Catalogue

Anders Härm & Hanno Soans, Kristina Norman / Pribalts, 2006, video documentary – New Wave: Estonian artists of the 21st century (no. 1). Winter 2007 [Exhibition]. Tallinn, 2008:

The subject of the film „Pribaltõ“ (2006) is the russian-speaking population of the Baltic states. It begins with an animated sequence of black and white photographs moving across the screen that introduces the main protagonists and the artist herself. While two of them are examples of successful russian-Estonian integration, Schtschedrin has left Tallinn for Moscow and is an aspiring young actor who occasionally struggles with the memories of his perished childhood homeland – Soviet Estonia. During the course of the film we are made aware that all of them, including the filmmaker herself, have experienced difficulty forming a cultural identity because of state policy that requires each applicant to pass an Estonian language exam in order to attain citizenship.
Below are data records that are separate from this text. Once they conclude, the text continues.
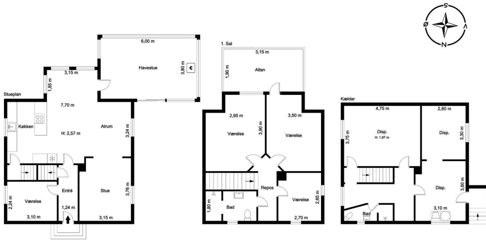
Vejledende tegning, ikke målfast
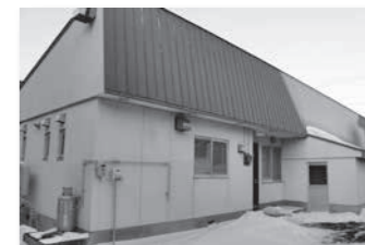
移住体験用住宅 (桂町)

移住を希望する人でも、いきなり知らない土地に住むのは不安になるものです。イメージがわかず「お試しで住んでみたい」という人や、何度も現地を訪れてから移住を決める人もいるのも当然のことです。 町では移住・定住促進対策のひとつとして、道外などから「移住を希望する人」に、1週間から1か月間の間、体験住宅に滞在してもらい、清水の暮らしを体験してもらっています。実際に生活をしながら、観光や地域住民との交流などを通して、リアルな「清水」を肌で感じ、移住後の暮らしをイメージしてもらっています。
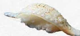
886 左口魚邊 えんがわ Engawa
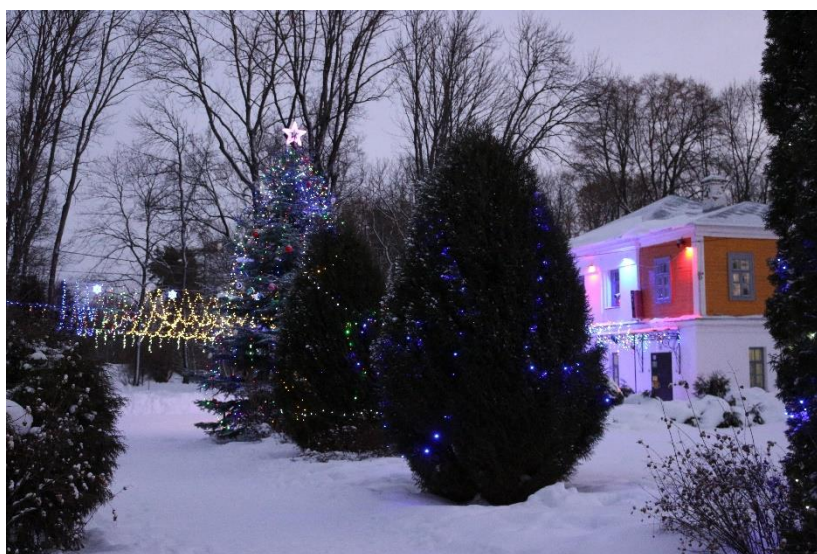
Новый год в Ерлинском парке

В 2020 году, когда новогодней столицей была выбрана Рязань, в праздничные дни центральная аллея парка, здание музея, беседки и фонтан засияли разноцветными огоньками гирлянд. На мосту зажгли фонари и в Ерлинский парк пришла «Рождественская сказка». В эти дни на территории музея-заповедника «Усадьба С. Н. Худекова» прошли народные гуляния. Возле нарядной ёлки гостей встречали Дед Мороз, Снегурочка, Рязанский Косопуз, Авдотья Рязаночка, Княжна Забава, богатырь Евпатий Коловрат.
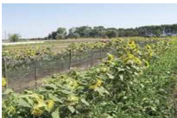
Εικόνα 1: Εκτροφείο ανοικτού τύπου
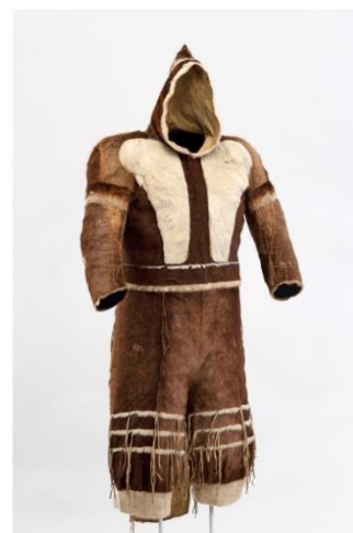
Fig. 2 : Parka et pantalon inuits.

From one angle, when you consider the fact that the artist, as is revealed in the opening minutes of the documentary, is the product of a mixed family herself and has matriculated from a russian school in Tallinn, the reason for this change in emphasis becomes quite self-evident. All these questions which are reduced by both sides to basic (but thus even crueller) ideological opposition – you can either be for us or against us – run through Norman´s life as a personal dilemma, both by blood lineage and by cultural choices. The fact that the artist has one foot in each community makes it easy for her to relate, by way of documentary mimicry, both to russian chauvinism and Estonian nationalism. As a link between two communities, she acts in present tense as a double agent of art, responsible only to her own oeuvre. But it is her freedom to operate with the surfeit material, an undeniably personal point of view, and the deliberate „blue-eyed“ perspective which makes her 53-minute film one of the most intriguing political works in Estonian art in the last few years.